Summit panellists also considered China’s one belt one road (OBOR) initiative to link trade between China and Europe by land and by sea and what that means in practice. From a historical perspective, says International Institute for Management Development (IMD) Emeritus Professor Jean-Pierre Lehmann, “we’re seeing the decline of western domination. Before the 18th century, Asia was integrated, joined together by the Silk Road. Europe was a destination. We’re seeing a return to a multipolar world, with chaos and uncertainty.”

There is a possibility that the old Silk Road will be an indicator of the future environment we’ll be living in. China’s share of world gross domestic product (GDP) was 33% nearly two centuries ago, in 1820, had declined to only 4% by 1950 but is now steadily moving back up. Similar to the old Silk Road, OBOR can facilitate growth by linking China to Europe through Asia, Eastern Europe and the Middle East. “Belt” refers to land corridors and “road” refers to the sea.

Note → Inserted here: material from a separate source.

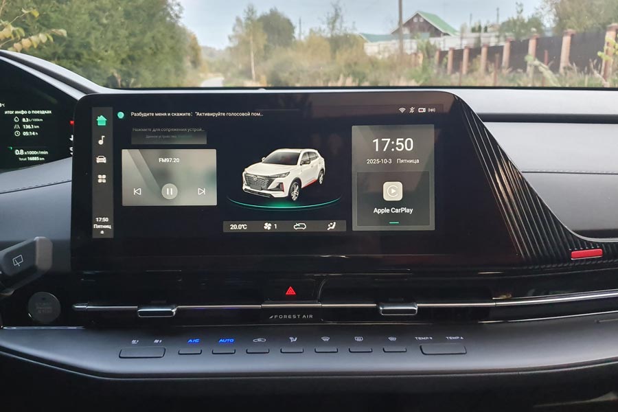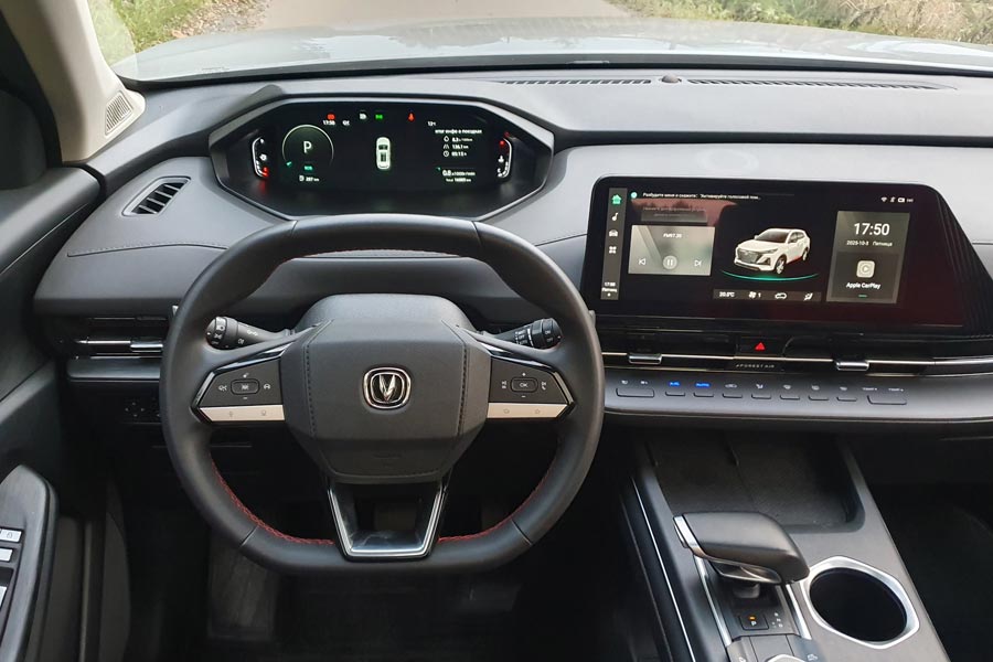Центральное место на передней панели занимает 12,3-дюймовый дисплей мультимедиа. Система работает без задержек, поддерживает прокол Apple CarPlay. Еще пару лет назад автомобили Changan были аутсайдерами в плане русификации бортовых систем. Приятно осознавать, что ситуация изменилась, тестовый Uni-S готов общаться с россиянами на родном для нас языке.

OBOR and supply chain finance

“When we hear OBOR,” says Bruce Alter, head of global transaction services, DBS Bank “the lead would be from project finance for large infrastructure projects. In a granular way, some of the products used are guarantees or standby letters of credit (LCs).

“Even the traditional trade flow of LCs comes into play. OBOR can thus go from the complex standby LC to the LC to open account transaction. We’ve seen a lot of those transactions, not just in Southeast Asia but in the Middle East and Africa.” He adds that “cash management is often the consequence of the trade transaction.”

Looking further at opportunities for financing, bank senior advisor Yaseen Anwar at ICBC Singapore agrees that infrastructure is the backbone and consists of three stages: “First is planning and development; second is construction; third is operational and the least risky. These phases are where the opportunities arise.”

“This US$2 trillion OBOR effort provides the catalyst for investments. Given geopolitical trends, you need regional integration to ensure that trade flows remain unencumbered. The gap is US$1 trillion per year for the next five years, and $50 trillion is needed by 2050 – OBOR has the resources to support it.”

He expects the result to be a new China-led ecosystem. “China is the largest exporter in the world and 43 countries view it as their largest export partner. Regional integration and linkages are shaping supply chains. World connectivity has changed.” OBOR, Anwar concludes “is a source for the resources to jumpstart the economy and increase employment, for inclusive growth and reduced poverty. Commensurate trade flows will be generated.”

Asked about concerns that OBOR could become a competing or mutually exclusive initiative to other trade agreements, Singapore Management University law professor Locknie Hsu says “there is no belt and road agreement yet. China’s plan is a vision to energise the region of 60-odd countries for trade and investment.

“The initiative does not have a unifying legal structure. It means we don’t have a common legal definition of the supply chain.” The result is that “you’ll find divergent regulatory requirements in OBOR countries, which translates into cost and compliance issues. Secondly, there are also different import export requirements and thirdly, new supply chain participants.”

Asked whether OBOR is too China-centric and how much it might be affected by widespread distrust, Lehmann believes it is important to consider at two levels. “One, there is global distrust, an imperial rivalry between the US, China, and Russia. The other thing is that Asia is an economic miracle, with some exceptions, and a geopolitical cauldron.

“Every Asian country has a dispute with at least one of its neighbours. There is political instability, and a rise of nationalism. Institutions are weak, confidence-building factors are weak. There’s more alarm.” While OBOR is very exciting, at the same time it presents many obstacles.

Alter adds that in the long term, renminbi (RMB) internationalisation – both for OBOR and outside of OBOR – will to continue to grow. The currency will continue to be critical to trade payments and cash management. Despite the tensions in the long-term OBOR will continue to support both the growth of trade and RMB internationalisation.